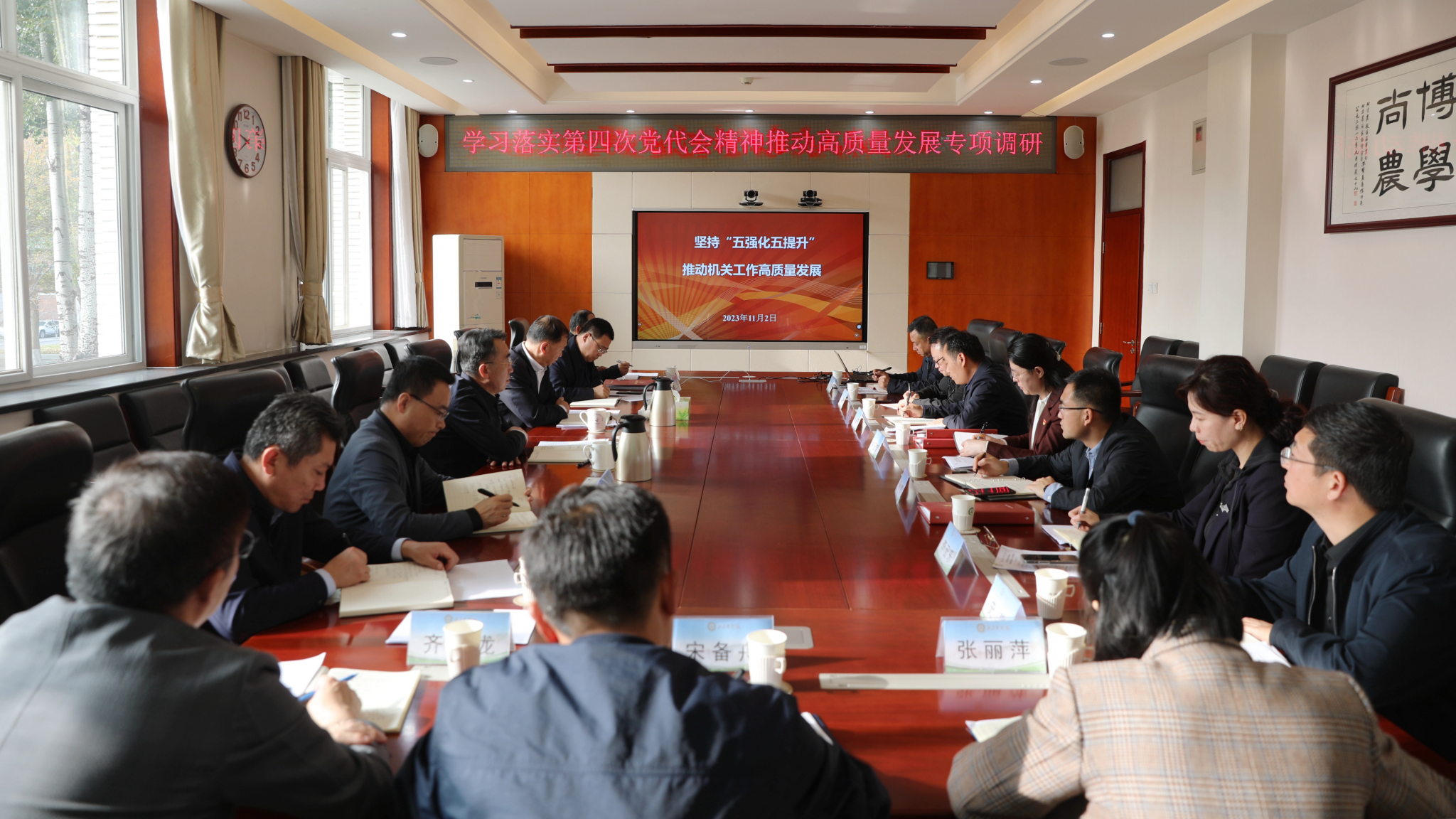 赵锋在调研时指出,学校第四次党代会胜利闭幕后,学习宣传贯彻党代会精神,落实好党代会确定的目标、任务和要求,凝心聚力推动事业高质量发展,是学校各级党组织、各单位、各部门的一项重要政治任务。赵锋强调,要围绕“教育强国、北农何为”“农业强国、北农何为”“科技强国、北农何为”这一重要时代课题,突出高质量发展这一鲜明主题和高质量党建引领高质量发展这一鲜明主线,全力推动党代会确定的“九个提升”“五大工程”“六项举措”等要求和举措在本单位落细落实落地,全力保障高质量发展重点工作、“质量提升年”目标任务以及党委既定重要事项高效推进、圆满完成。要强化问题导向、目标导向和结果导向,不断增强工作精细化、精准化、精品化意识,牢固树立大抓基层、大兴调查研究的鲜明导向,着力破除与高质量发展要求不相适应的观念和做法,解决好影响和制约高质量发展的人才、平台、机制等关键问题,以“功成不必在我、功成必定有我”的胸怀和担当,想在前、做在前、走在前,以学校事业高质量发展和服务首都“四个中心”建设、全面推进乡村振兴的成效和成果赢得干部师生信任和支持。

+++

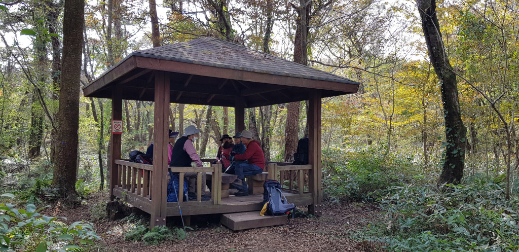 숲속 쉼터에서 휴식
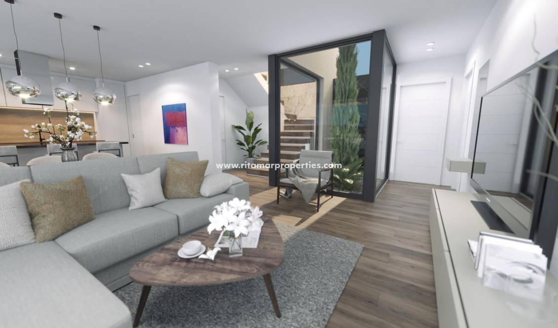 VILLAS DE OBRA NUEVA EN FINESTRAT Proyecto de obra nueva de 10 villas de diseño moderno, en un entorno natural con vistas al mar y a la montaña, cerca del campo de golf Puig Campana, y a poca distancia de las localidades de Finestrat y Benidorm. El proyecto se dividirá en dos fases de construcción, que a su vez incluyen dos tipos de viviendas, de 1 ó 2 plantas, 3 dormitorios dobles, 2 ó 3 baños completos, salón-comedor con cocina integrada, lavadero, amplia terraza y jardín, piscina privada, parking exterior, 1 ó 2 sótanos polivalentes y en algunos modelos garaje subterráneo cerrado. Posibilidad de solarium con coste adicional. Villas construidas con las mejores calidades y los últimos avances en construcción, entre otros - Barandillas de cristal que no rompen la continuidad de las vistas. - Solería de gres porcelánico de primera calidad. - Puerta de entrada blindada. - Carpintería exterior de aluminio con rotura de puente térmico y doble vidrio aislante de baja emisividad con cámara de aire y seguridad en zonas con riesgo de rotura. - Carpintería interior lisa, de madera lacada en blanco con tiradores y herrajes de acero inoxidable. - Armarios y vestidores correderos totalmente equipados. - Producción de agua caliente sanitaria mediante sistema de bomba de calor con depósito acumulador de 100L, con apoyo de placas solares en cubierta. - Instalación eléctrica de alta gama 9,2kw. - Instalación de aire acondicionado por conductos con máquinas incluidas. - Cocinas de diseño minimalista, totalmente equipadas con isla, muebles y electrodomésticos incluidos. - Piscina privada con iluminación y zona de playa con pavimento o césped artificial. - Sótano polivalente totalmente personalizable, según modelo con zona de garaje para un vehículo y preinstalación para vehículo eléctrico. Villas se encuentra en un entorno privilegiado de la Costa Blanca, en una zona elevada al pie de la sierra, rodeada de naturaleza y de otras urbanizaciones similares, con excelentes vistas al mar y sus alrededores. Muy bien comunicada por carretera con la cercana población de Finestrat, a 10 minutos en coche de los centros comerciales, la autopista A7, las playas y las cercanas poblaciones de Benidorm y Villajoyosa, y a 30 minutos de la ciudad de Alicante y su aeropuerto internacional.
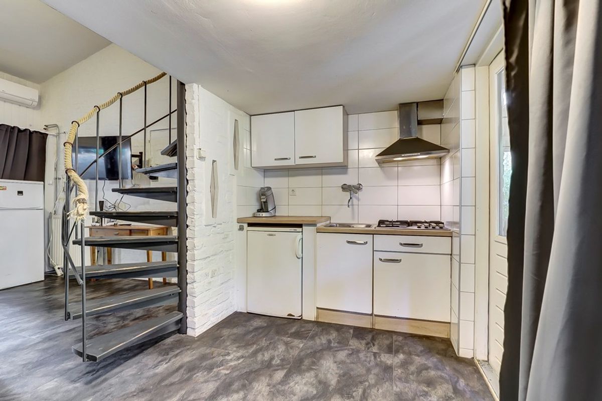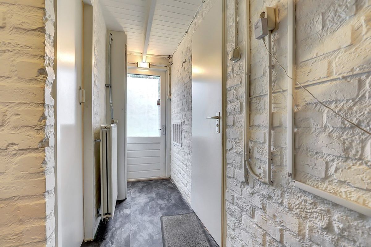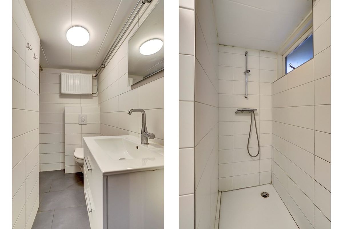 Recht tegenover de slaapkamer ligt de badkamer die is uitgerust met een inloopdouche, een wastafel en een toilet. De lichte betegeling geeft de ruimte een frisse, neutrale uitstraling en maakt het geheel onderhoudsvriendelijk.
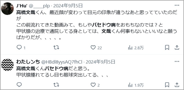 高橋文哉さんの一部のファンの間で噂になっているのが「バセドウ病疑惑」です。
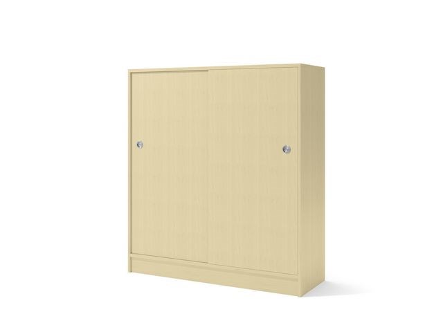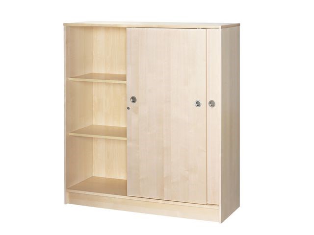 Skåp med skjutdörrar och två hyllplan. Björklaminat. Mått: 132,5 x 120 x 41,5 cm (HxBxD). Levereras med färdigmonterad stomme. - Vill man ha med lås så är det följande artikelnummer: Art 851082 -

+++

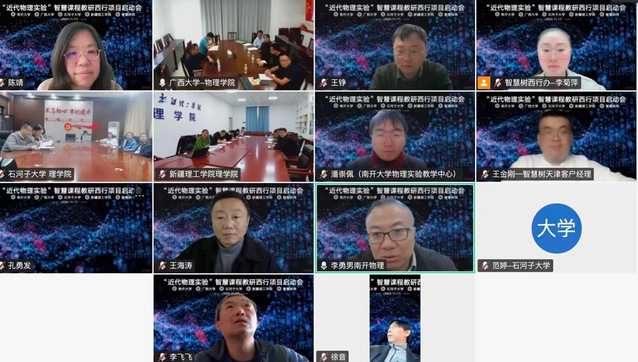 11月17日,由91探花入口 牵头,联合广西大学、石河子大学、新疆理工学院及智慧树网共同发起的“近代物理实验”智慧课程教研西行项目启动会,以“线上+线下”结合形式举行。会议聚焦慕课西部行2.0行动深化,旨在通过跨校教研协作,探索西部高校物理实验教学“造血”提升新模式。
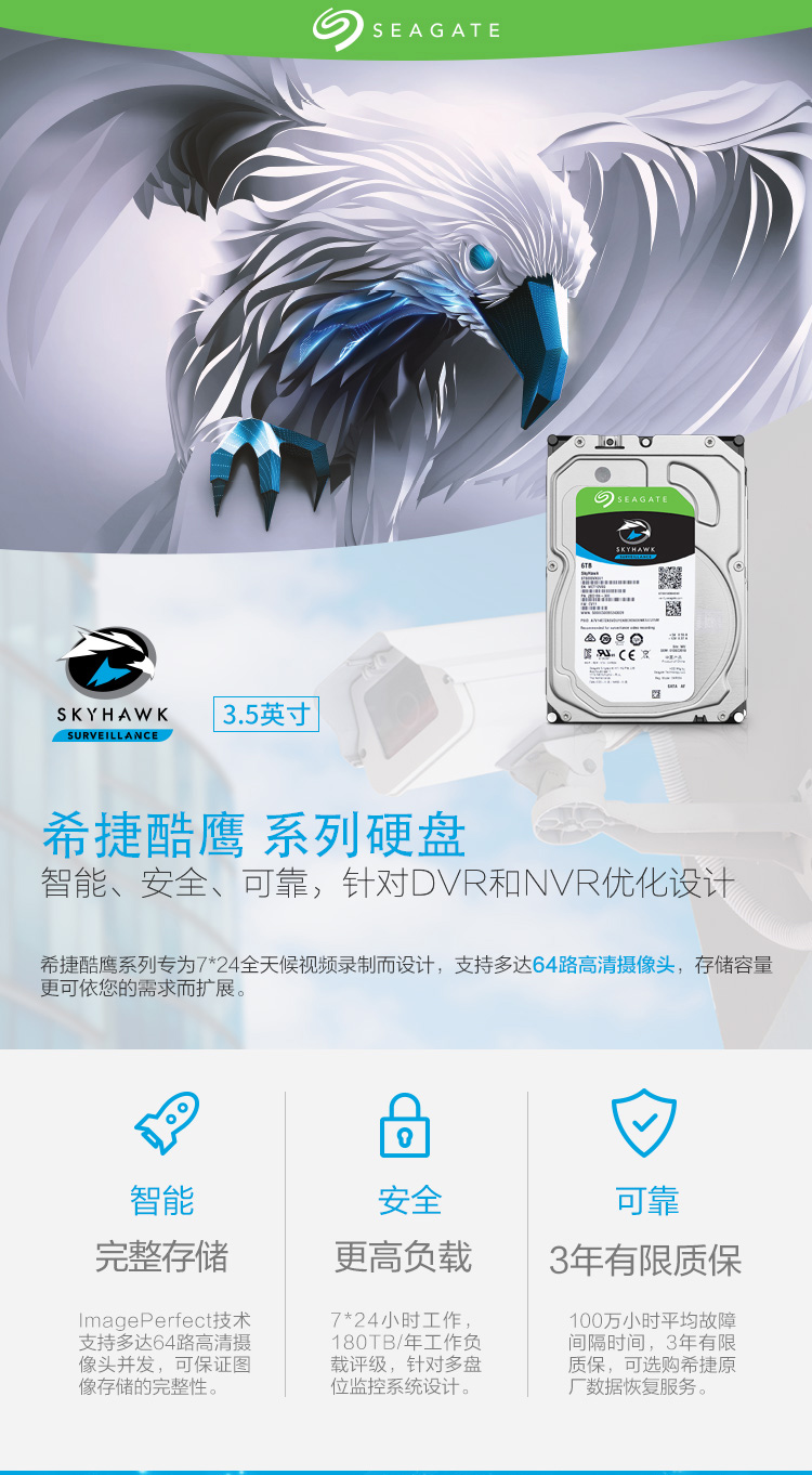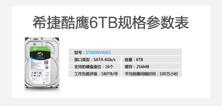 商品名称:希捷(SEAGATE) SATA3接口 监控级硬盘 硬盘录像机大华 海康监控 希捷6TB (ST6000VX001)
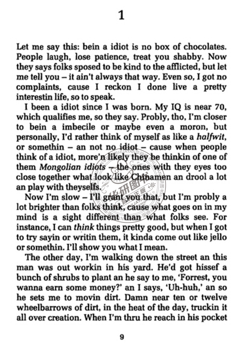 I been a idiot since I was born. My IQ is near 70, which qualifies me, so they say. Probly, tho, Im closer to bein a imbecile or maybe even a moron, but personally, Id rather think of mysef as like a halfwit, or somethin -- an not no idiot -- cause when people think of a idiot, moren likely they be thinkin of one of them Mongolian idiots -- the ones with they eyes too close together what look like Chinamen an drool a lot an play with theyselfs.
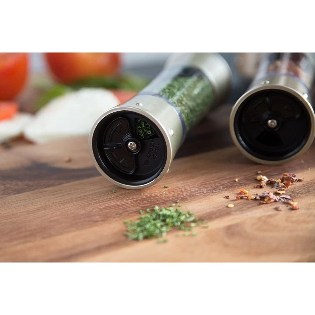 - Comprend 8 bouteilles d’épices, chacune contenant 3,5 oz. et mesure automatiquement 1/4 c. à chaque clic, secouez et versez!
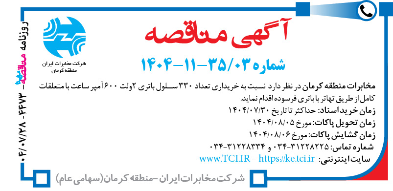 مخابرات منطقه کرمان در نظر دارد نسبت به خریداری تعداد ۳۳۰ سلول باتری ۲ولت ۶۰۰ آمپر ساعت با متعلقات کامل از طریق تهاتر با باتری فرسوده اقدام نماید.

+++

WHAT YOU ARE ASKED TO DO. Your task is to copy only the lines above starting at the one containing "- Comprend 8" and ending at the one containing "مخابرات منطقه کرمان". Copy them exactly, both ends included, and omit the pictures.

ANSWER TO THIS PROBLEM.
 - Comprend 8 bouteilles d’épices, chacune contenant 3,5 oz. et mesure automatiquement 1/4 c. à chaque clic, secouez et versez!
 مخابرات منطقه کرمان در نظر دارد نسبت به خریداری تعداد ۳۳۰ سلول باتری ۲ولت ۶۰۰ آمپر ساعت با متعلقات کامل از طریق تهاتر با باتری فرسوده اقدام نماید.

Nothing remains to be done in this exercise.